On Thu, Apr 1, 2010 at 12:47 PM, Jeff Schnitzer <[email protected]> wrote:

> It's an interesting thread.  To summarize, you're discussing the best
> way to serialize a 15,000-element dictionary in an entity.
>
> This doesn't seem to be all that closely related to the datastore.
> The datastore api costs are the same no matter how you store it (58ms)
> but the serialization costs vary widely depending on what technique
> you use - pickling, protobuf, expando (you can put 15k properties in
> an expando??).
>
> I guess having a 'select fields' (or 'suppress fields') instruction
> could let you avoid the serialization costs for specific fields, but
> it would require a dramatically more complicated API.  On the other
> hand, you can pretty easily address this as you describe; saving your
> data as Text or Blob and serializing or deserializing it on-demand.
>
> At least in the numbers you posted, there weren't any bandwidth issues
> - if I'm reading it correctly, all of the cost seems to have been
> produced by the serialization process.  It doesn't matter if you fetch
> the Blob data or not, it only matters when you try to convert it into
> a dictionary.  Do the serialization lazily and your problem is solved.
>
> BTW, this is related information that always deserves a link when the
> subject comes up:
>
> http://code.google.com/p/thrift-protobuf-compare/wiki/Benchmarking
>
> Jeff
>
> On Thu, Apr 1, 2010 at 12:03 PM, Eli Jones <[email protected]> wrote:
> > Here are the numbers from a test I did just comparing the process of
> > stuffing the protobuf of an entity into a BlobProperty:
> >
> http://groups.google.com/group/google-appengine-python/browse_thread/thread/4d6dde610addd8ef/a3037abd34ed03f6?#a3037abd34ed03f6
> > It's 40% to 70% faster and cheaper to do a get, change, put on the
> protobuf
> > version.. (see link for model definitions and test code and results).

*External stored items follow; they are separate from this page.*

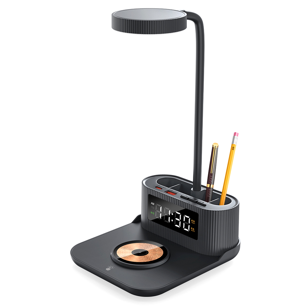 В комплект входит пластиковая накладка-наклейка с изображением на оборотной стороне черного кольца, и черной окружности со значком беспроводной зарядки. На лицевой поверхности можно нанести печать согласно конструктора из Области нанесения. Данная накладка поставляется в комплекте с лампой в ненаклеенном виде. Настольная лампа 6в1 - идеальный выбор для современной жизни и работы. Эта многофункциональная лампа сочетает в себе инновационные технологии и удобство, предлагая целый ряд полезных функций: - Беспроводная зарядка мощностью 15W: заряжайте ваши устройства легко и быстро, просто поместив их на базу лампы. - Часы и будильник: всегда будьте в курсе времени и просыпайтесь вовремя с помощью встроенных часов и будильника. - Дополнительные выходы USB-C и USB-A: подключайте и заряжайте сразу несколько устройств благодаря дополнительным портам. - Держатель для канцелярских товаров: организуйте рабочее пространство, сохраняя ручки, карандаши и другие мелочи под рукой. - 3 режима освещения: выбирайте между ярким, теплым и мягким светом, чтобы создать идеальную атмосферу для работы или отдыха. Эта настольная лампа станет отличной промопродукцией, подчеркивающей заботу о клиентах и партнерах, предлагая стильное и функциональное решение для любого рабочего пространства. Поддерживает все Android/Ios устройства с функцией беспроводной зарядки. Для работы беспроводной зарядки необходимо подключать устройство к сети через адаптер. Мощность/яркость лампы - 3 Ватт/ От 320до 480 Люмен Цветовая температура лампы: для белого света - 6000-6500K,для теплого и мягкого света - 2800-3000k.
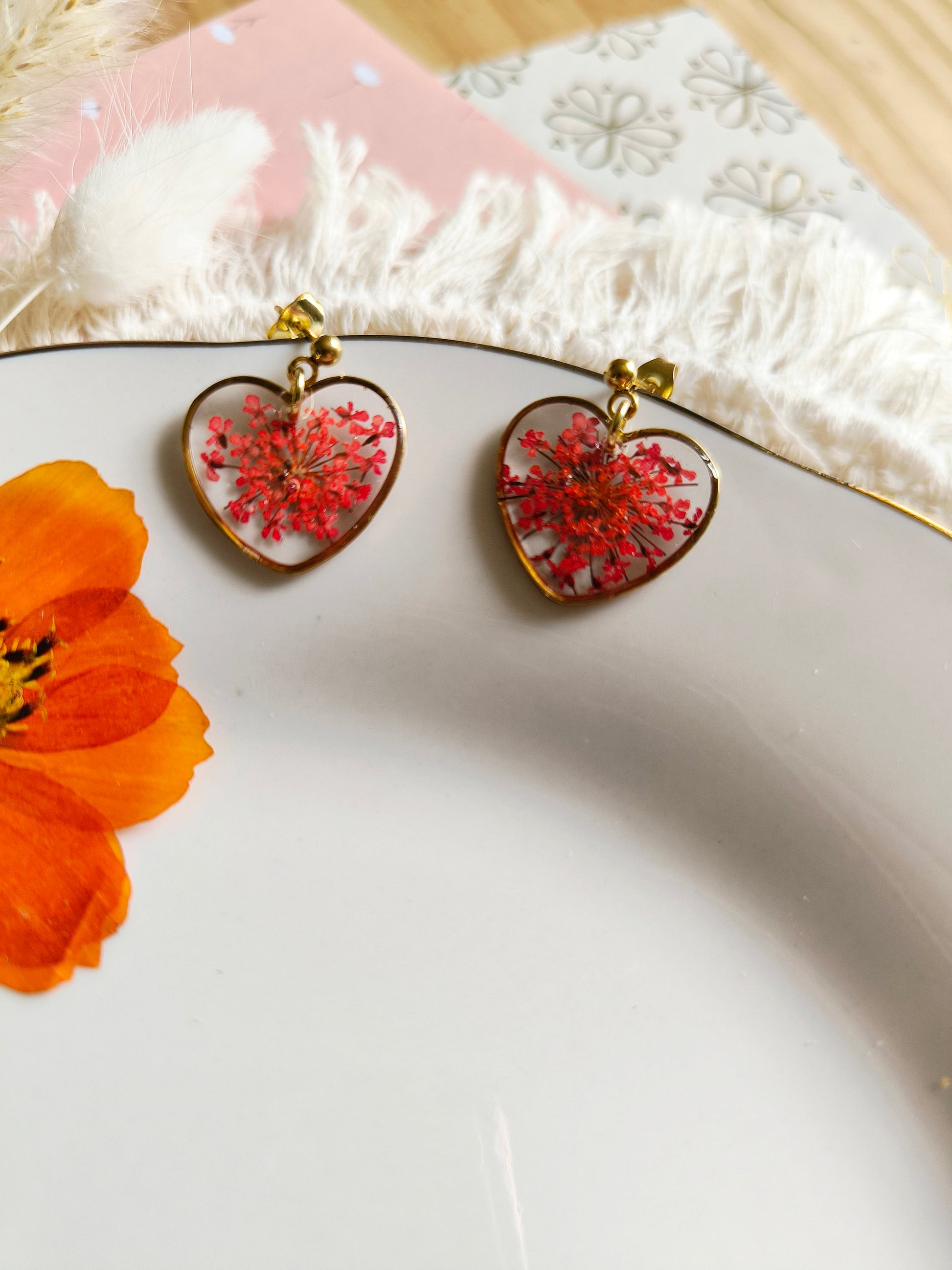 Réveiller l'âme sensible qui sommeille en vous avec ces délicates boucles d'oreilles en forme de cœur renfermant une dentelle de fleur de carotte sauvage.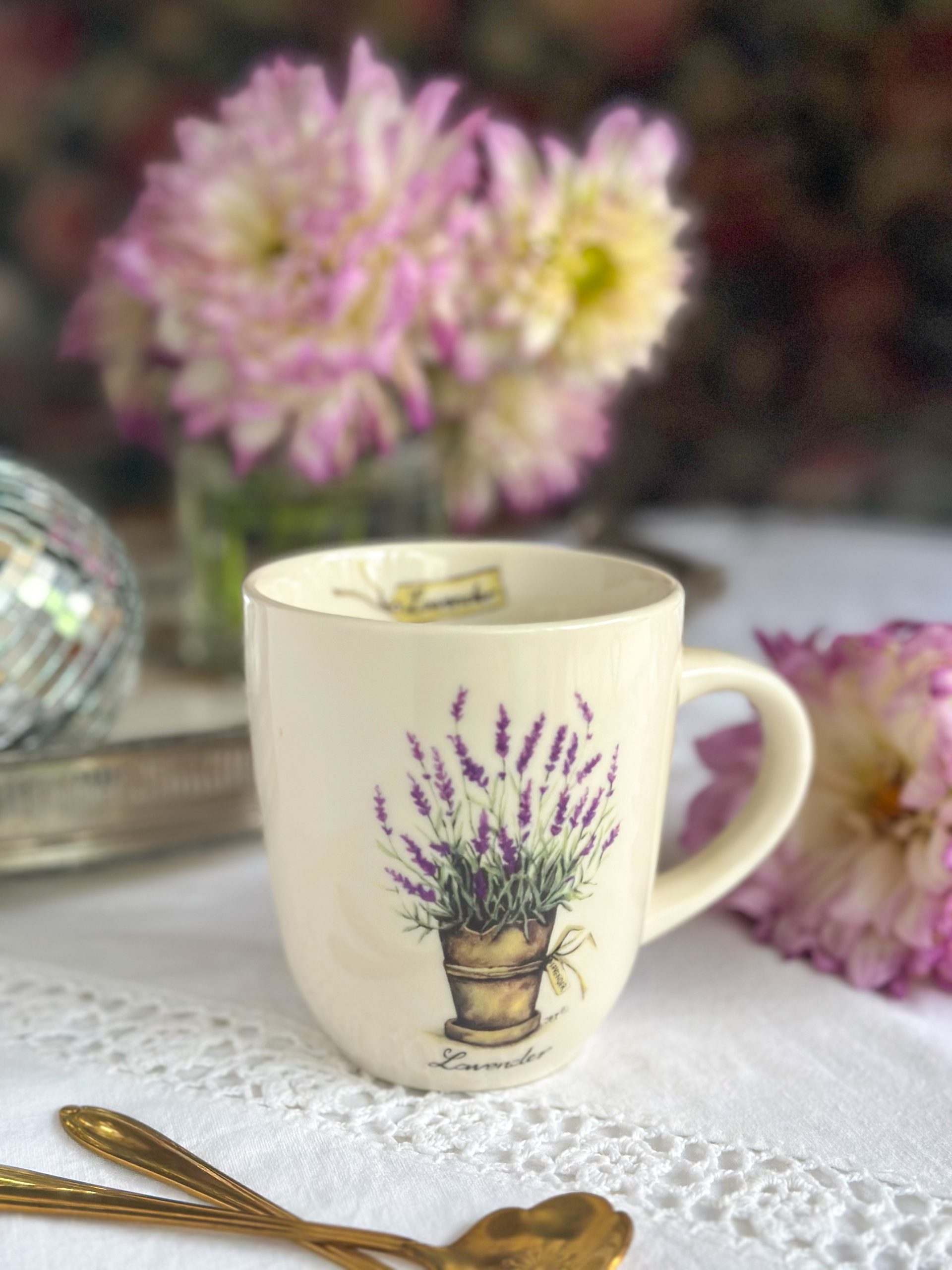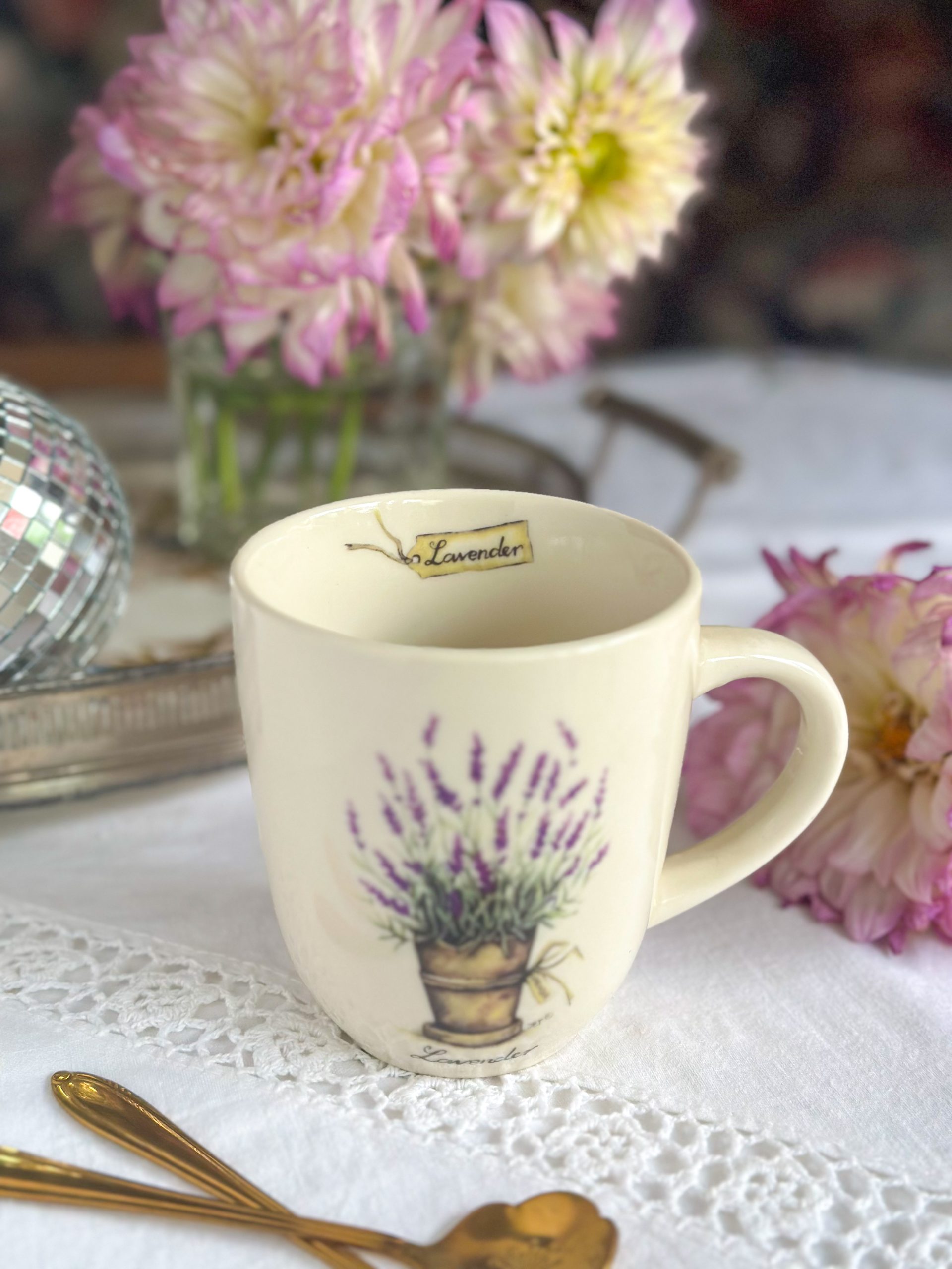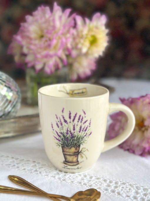 Un joli mug vintage ! On adore son dessin avec un pot de lavande. Avec sa jolie forme et sa céramique blanc cassé, ce mug sera parfait pour vos pauses thé ou café tout l’été !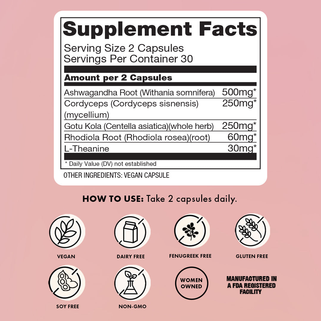 Provides powerful stress support with Gotu Kola, an adaptogen linked with reducing symptoms of anxiety to support your overall quality of life.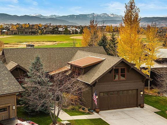 Experience breathtaking views across two fairways and out to the snow-capped Spanish Peaks from this timeless Locati-designed home in the exclusive Black Bull community. Designed for effortless main-level living, the home showcases an open, light-filled layout with classic Montana finishes and exceptional craftsmanship throughout. The great room features a grand stone fireplace and an adjacent wine bar with beverage fridge—perfect for entertaining. From the living or dining areas, step out to the covered redwood deck, where a wood-burning stone fireplace and built-in gas grill create an inviting space to enjoy the expansive golf course and mountain vistas year-round. The chef’s kitchen offers a massive island, walk-in pantry, and upgraded appliances. Each of the three main-level bedrooms includes a private attached bathroom, high ceilings, custom closets and ample space. Upstairs, the spacious 500 sq ft+ bonus room provides flexibility for an office, den, guest space or media room. Additional features include freshly stained cedar siding, wood beam accents, whole house humidifier, water softener with RO system, leaf-filtered gutters, and a heated epoxy-floored garage with extra storage. Set on a quiet cul-de-sac just moments from the Black Bull Club amenities, this residence combines classic design, modern comfort, and unmatched views for the ultimate Montana lifestyle. The Black Bull community offers a championship golf course, pool, fitness center, private restaurant, walking trails, and groomed cross-country ski trails. Please inquire for current club information. Some photos depict club amenities.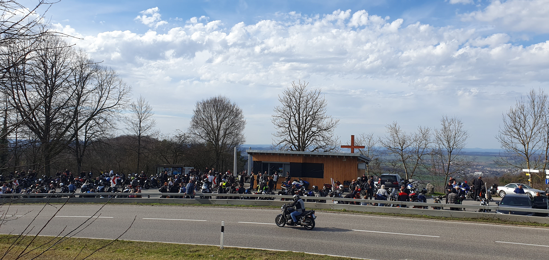 Seit über 30 Jahren ist "Die Platte" einer der beliebtesten Treffpunkte für Motorradfahrer weit über Süddeutschland hinaus. Vom Parkplatz an der B39 zwischen Löwenstein und Wüstenrot genießt man einen atemberaubenden Ausblick über das Weinsberger Tal, bis hin zum Odenwald und der Hohenloher Ebene.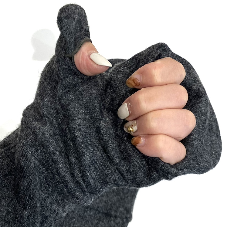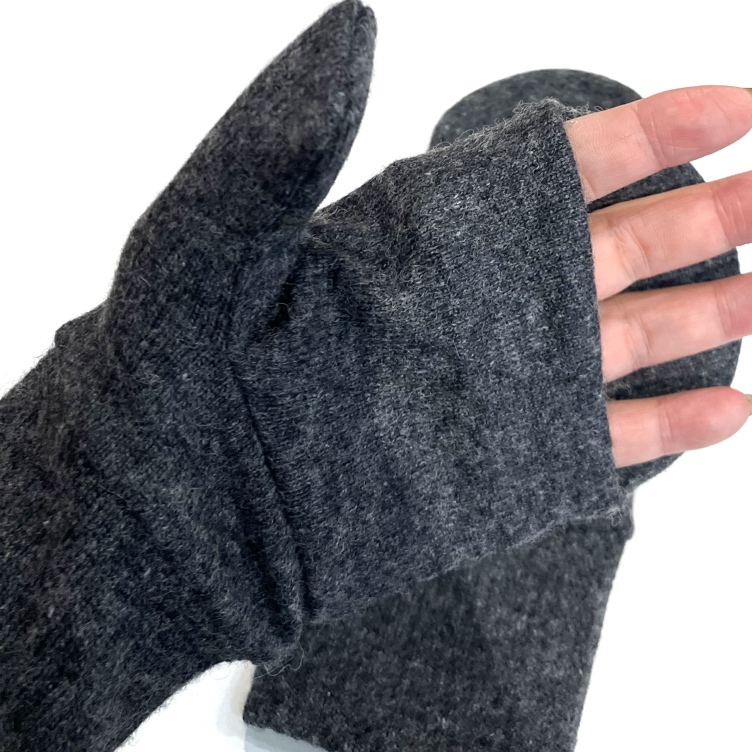 ウール混のあたたかミトンは99%リサイクル繊維。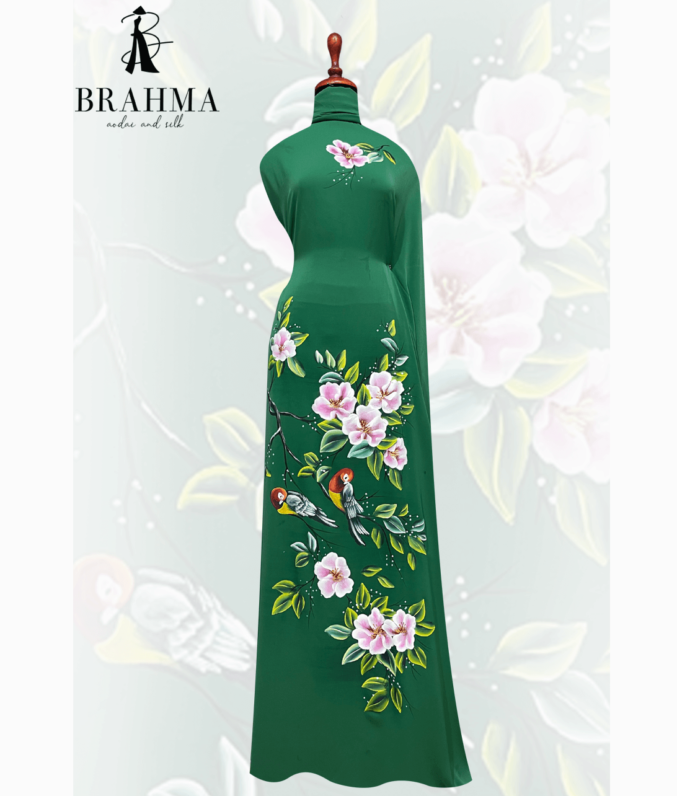 Đánh giá Vải áo dài thiết kế vẽ Chim Vẹt & Hoa Trà cao cấp TK01
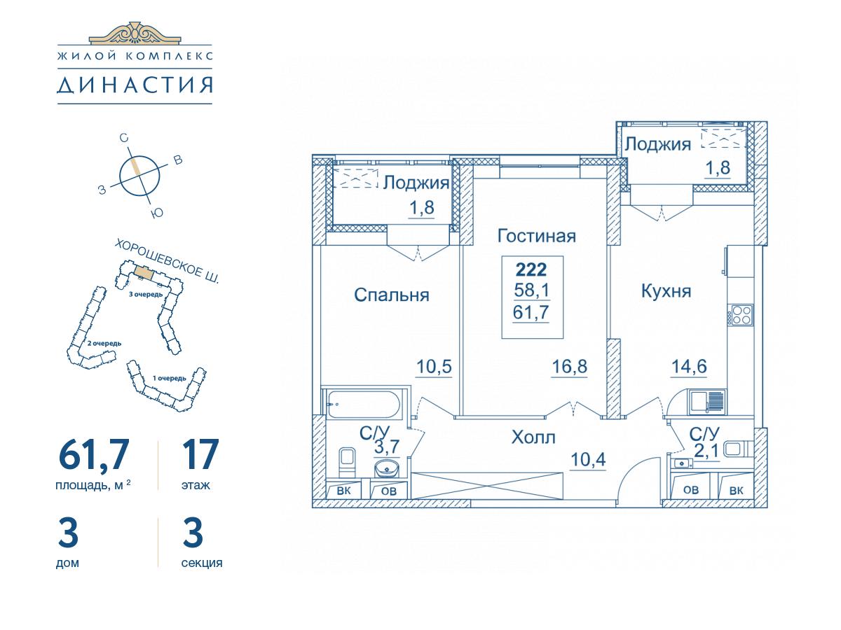 | Июнь 2017 | 58,4-74,3 м2 | 11 096 000 - 18 203 500 ₽ | ~221 966 ₽ | |

> > Using compression with the protobuf made it a little faster and cheaper..
> > but the benefit was not as drastic as the protobuf change.
> >
> > On Thu, Apr 1, 2010 at 2:02 PM, Jeff Schnitzer <[email protected]>
> wrote:
> >>
> >> Do you have any quantitative numbers?  I'd really like to know how
> >> much this saves.
> >>
> >> Jeff
> >>
> >> On Thu, Apr 1, 2010 at 9:25 AM, Eli Jones <[email protected]> wrote:
> >> > Compression will probably show the biggest benefit when you have a
> >> > significant difference between the un-compressed and compressed sizes
> >> > and
> >> > the amount of data you're bringing over the wire is large enough to
> >> > cause a
> >> > noticeable slowdown..
> >> > So..if all you are doing is pulling over one entity with properties
> that
> >> > add
> >> > up to 200 bytes total.. compression is just going to slow you down...
> >> > If you are pulling over an entity that has properties of 200 kilobytes
> >> > total, the time it takes to get the entity decompress it, change it,
> >> > compress it and put it back to the datastore will be faster than just
> >> > getting, changing and putting a non-compressed version.
> >> > Granted my assumptions in this case are based on tests I did against
> two
> >> > Models: a decompressed version with two large un-indexed properties
> and
> >> > then
> >> > a compressed Model that had one property = a compressed protobuf of
> the
> >> > decompressed Model.  (The protobuf before compression was 390KB in
> >> > size..
> >> > after compression it was 40KB).  Even without using compression on the
> >> > protobuf of the big model.. just putting one large property
> (containing
> >> > a
> >> > protobuf of the two property model) was much faster than directly
> >> > putting
> >> > the two prop Model (even with indexed = false for the props).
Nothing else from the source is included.